Chair: That is helpful.
Q150 James Daly: That argument only works if you are talking about somebody on a not guilty plea. If you are on a guilty plea, you do not come in contact with a jury anyway, so it is absolutely of no consequence in respect of guilty pleas, which form the vast majority of cases that go through the court.
Kirsty, I say this only because we are both experienced in these matters. I think the evidence would tend to suggest that the community penalties and custodial sentences that are imposed in the Crown court are proportionate and in line with general magistrate sentencing courts. I do not think there is any evidence to suggest that people will deliberately want to go to the Crown court and put off their sentencing case for months and months, unless they have an ulterior motive to do it. In 16 years, I never had somebody say to me, “What I am looking at is the fairness of the jury trials and the socio-demographic make-up of the court and the people who are going to take a decision in respect of my case.” I accept that may well be the case and, if so, that is good, but we have to be realistic. I agree with the Chair that it is a long overdue change. It will mean that magistrates can deal with far more cases in a far more efficient manner. I do not think it will lead to any increase at all in the backlog in the Crown court.

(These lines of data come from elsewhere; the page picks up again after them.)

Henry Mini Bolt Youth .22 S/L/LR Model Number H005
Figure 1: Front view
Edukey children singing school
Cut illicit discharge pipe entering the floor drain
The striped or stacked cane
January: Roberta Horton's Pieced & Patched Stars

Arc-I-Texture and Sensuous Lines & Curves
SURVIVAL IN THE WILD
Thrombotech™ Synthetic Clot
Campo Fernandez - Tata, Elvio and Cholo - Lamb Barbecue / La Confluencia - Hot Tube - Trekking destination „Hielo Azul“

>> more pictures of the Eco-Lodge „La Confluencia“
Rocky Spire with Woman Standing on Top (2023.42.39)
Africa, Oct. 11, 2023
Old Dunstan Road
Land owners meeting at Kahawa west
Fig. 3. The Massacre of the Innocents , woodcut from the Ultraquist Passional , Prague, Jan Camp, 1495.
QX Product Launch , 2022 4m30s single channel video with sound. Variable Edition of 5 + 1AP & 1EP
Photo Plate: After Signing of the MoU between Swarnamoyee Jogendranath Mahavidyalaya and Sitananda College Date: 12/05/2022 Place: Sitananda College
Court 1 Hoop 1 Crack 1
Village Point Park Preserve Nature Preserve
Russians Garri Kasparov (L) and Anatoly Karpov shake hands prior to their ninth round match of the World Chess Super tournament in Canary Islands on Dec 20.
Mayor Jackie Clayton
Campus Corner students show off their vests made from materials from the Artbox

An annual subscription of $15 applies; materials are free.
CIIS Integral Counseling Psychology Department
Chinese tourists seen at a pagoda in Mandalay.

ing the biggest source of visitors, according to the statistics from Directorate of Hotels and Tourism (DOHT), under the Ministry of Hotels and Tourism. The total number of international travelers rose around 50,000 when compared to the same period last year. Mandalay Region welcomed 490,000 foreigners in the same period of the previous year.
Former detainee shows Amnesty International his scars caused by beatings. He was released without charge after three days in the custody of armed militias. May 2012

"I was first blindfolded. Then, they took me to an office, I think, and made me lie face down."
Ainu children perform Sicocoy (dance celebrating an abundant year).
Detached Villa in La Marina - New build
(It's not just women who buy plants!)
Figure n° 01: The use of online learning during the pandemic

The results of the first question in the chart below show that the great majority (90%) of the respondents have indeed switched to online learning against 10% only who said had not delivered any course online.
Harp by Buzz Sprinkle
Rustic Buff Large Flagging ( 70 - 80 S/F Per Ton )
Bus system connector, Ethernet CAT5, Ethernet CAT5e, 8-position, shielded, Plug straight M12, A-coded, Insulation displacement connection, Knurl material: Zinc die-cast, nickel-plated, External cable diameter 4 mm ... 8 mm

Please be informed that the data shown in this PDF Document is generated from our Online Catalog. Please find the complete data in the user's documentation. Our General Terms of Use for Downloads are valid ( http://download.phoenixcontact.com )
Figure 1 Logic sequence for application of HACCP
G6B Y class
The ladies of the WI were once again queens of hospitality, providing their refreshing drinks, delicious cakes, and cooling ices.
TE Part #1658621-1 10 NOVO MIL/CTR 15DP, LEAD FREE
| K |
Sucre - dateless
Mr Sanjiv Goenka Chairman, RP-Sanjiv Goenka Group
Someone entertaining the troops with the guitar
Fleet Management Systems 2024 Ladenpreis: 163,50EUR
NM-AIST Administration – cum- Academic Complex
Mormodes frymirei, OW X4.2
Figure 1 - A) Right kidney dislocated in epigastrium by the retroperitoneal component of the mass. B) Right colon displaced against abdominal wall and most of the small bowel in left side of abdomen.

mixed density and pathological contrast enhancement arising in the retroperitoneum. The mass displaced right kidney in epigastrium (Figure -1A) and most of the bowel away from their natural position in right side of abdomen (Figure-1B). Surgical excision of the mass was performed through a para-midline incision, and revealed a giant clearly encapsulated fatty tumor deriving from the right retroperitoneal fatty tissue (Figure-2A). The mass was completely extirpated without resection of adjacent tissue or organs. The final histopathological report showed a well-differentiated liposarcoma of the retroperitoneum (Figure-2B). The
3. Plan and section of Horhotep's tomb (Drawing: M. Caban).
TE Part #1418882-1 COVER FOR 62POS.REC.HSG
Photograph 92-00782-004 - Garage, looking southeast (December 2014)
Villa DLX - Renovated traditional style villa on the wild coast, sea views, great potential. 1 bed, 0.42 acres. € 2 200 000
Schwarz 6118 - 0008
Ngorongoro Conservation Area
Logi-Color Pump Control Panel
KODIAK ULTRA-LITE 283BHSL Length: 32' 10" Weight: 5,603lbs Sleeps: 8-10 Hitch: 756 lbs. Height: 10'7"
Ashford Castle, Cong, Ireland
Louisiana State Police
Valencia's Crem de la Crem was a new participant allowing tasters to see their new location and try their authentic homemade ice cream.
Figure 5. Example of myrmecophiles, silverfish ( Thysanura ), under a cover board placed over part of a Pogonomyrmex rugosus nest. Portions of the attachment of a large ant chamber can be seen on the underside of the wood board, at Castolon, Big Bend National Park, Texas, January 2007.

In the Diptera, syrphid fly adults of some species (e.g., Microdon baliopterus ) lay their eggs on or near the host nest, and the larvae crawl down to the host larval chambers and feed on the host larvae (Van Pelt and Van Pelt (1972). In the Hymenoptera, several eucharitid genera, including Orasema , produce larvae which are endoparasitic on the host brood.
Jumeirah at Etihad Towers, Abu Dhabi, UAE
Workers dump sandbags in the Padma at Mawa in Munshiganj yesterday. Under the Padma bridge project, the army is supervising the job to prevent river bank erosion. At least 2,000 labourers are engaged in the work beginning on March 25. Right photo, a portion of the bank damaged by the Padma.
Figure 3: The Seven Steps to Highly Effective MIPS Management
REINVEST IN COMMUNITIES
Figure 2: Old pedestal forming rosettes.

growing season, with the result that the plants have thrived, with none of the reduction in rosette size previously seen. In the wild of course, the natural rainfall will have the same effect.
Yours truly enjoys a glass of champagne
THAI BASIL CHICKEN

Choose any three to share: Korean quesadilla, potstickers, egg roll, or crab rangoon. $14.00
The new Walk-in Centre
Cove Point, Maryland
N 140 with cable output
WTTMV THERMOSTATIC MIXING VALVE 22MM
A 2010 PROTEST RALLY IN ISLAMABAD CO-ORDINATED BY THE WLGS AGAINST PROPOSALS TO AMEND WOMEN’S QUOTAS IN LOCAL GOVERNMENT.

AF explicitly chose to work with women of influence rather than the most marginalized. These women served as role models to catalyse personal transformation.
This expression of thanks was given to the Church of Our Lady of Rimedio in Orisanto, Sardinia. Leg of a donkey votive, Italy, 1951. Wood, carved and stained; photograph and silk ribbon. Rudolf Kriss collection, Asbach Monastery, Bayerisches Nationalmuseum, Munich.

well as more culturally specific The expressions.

Kirsty Brimelow: To deal with the first point about guilty pleas, if somebody gets a sentence which they consider to be too long obviously they can still appeal, so potentially you will see an increase of appeals going up to the Crown court. That will take magistrates out of the magistrates court because you need two of them to sit alongside the judge in the Crown court. That is a potential risk.
Research has been done by the Howard League on the issue of short sentences of imprisonment coming from magistrates courts. If you take that research and apply it to consider that potentially you will have sentences of imprisonment that are appealable, you are still hitting the backlog in the Crown court and it will increase. I do not agree with your proposition that guilty pleas mean everybody then stays in the magistrates court; you are potentially increasing the pleas up to the Crown court. On the second point about faith in juries and so on, I would rely on Professor Thomas’s research.
Q151 James Daly: I think it is an indictment of the magistracy if we accept your argument, because effectively what you have just said is that magistrates send lots of people to prison and they will almost certainly be appealed to the Crown court, and that just is not the case.
Kirsty Brimelow: I would refer to the Howard League on that.
Q152 Chair: What we have had in recent years, which I did not have when I was in practice, at least to start with, are much better efforts by the Sentencing Council, sentencing guidelines and so on.
Kirsty Brimelow: Absolutely.
Q153 Chair: There was an attempt to professionalise sentencing in both the Crown court and the magistrates court. We have to see what difference that would make.
Kirsty Brimelow: We will have to see. That is obviously a welcome improvement. I heard the Secretary of State indicate that there would be training for magistrates in relation to this new power, so we will have to wait and see what happens.
An added effect when looking at community sentences in the magistrates court and looking holistically at the criminal justice system as a whole is that there have been cuts in the availability of community penalties, community services, probation services and so on. All of it impacts. From a criminal practitioner’s perspective, it seems unfortunate that the focus was not on putting resources into community-based penalties, rather than potentially increasing imprisonment.
Q154 Ms Abbott: In passing, you mentioned judicial diversity, which is a very important issue. I hope that the Committee will look at it in more detail at another point.
I want to follow up on what Professor Thomas said about how popular juries are. Do you see any lessening of popularity? I ask that only because of the Colston case a little while ago when the jury found young people not guilty of criminal damage. A lot of politicians went crazy and kept talking about a perverse judgment. I thought that was a little unfair on the jury because they could not know what evidence the jury saw and conferred on. Do you think there is any lessening of support for jury trials?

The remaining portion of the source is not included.